The administration’s announcement closely coincided with the recent demise of a bill sponsored by Rep. Gay Grant, D-Gardiner, that would have added phthalates to the priority list. Phthalates, added to plastics to make them more flexible and durable, have been in the news a lot lately because they mimic hormones and have been linked to premature birth, adverse impacts on male fetuses and health problems in teenagers.
Senate President Justin Alfond, D-Portland, voted with the Republican minority to spike Grant’s bill, prompting questions about whether he did so to preserve or obtain Republican votes on other measures, most notably Medicaid expansion, a priority for Democratic lawmakers and a key component of the Affordable Care Act.
At the center of this rumored deal is Sen. Tom Saviello, a moderate Republican from Wilton. Saviello, who has publicly endorsed Medicaid expansion, once played a key role in staving off the repeal of the Kids Safe Products Act in 2011 (the Environmental Health Strategies Center thanked him for it). However, Saviello has since drawn advocates’ ire for vocally opposing measures to strengthen the law, including one sponsored by former Senate Democratic leader Seth Goodall of Richmond, whose high-profile bill met a conspicuously quiet death earlier this year.
Saviello said he objected to Goodall’s bill because it was an overreach and unraveled the compromise he worked to achieve in 2011. Advocates suspected a more nefarious motive, specifically the $5,250 that the American Chemistry Council has donated to Saviello’s leadership PAC.
Saviello on Tuesday took exception to the implication that his resistance to Goodall’s bill, or Grant’s bill, was a quid pro quo with the American Chemistry Council, a leading opponent of the Kids Safe law. He also flatly denied speculation that he threatened to withhold his support for Medicaid expansion if Alfond didn’t vote with Republicans to oppose Grant’s bill.
“I’ve already said that I support Medicaid expansion and that’s not going to change,” he said.

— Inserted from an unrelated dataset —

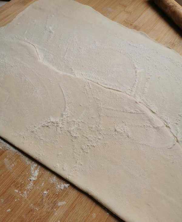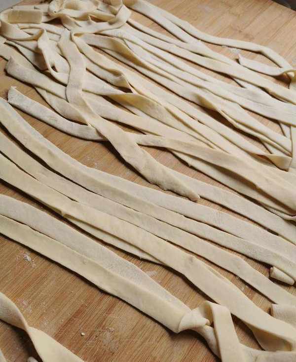 折疊好的面皮就可以切成面條瞭,我喜歡吃寬面,所以面條切的稍微粗一些。把切好的面條撒開,平鋪放在面板上,謹防粘連。

Alfond, meanwhile, also denied that his opposition to Grant’s bill had anything to do with a deal for Medicaid expansion.
“Absolutely not,” he said last week. “Whoever is saying that is 100 percent making things up and I don’t appreciate it.”
Nonetheless, Alfond felt compelled to explain his vote, which he did in an email to Senate Democrats. He cited the LePage administration’s announcement about the four priority chemicals.
While he wished that the list was longer and included phthalates, the governor was technically complying with the law.
“Before the KSPA, chemicals were cherry picked individually and there was no rhyme or reason,” he wrote. “I don’t want to go back to that system.”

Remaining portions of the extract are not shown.